Japanese printmaker (1911–1935)

Yoshio Fujimaki (藤牧義夫, Fujimaki Yoshio) (January 19, 1911 – disappeared September 2, 1935）was a Japanese printmaker who was part of the Sōsaku-hanga movement. He focused mainly on depicting the Shitamachi area of Tokyo during the 1930s, and is known for creating a long Hakubyō scroll print focusing on areas surrounding the Sumida River. Fujimaki became an obscure figure after his disappearance at the age of 24, but a 1978 exhibition renewed interest in his work.

== Career ==
Fujimaki was born in the village of Tatebayashi, which was incorporated into the eponymous city in 1954. His family were shizoku who served the Tatebayashi Han.
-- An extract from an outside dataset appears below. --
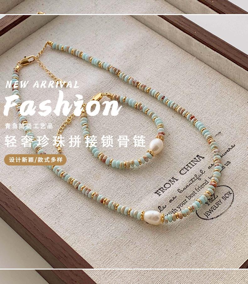 Colorido frisado Shoushan Pedra Natural Pérola de Água Doce Feito à Mão Colar Pulseira Entrada Nicho de Luxo All-match Clavícula Cadeia

After the Meiji Restoration, his father worked as an educator and served for a time as principal of an elementary school; he also painted and wrote calligraphy using the art name Sangaku (三岳). Fujimaki's mother and father died in his childhood; when he was the age of 2 and 13 respectively. After his father's death, the family started a daily goods store at their home. A neighbor of note at the time was Tenko Fujino, who lived two houses next to them.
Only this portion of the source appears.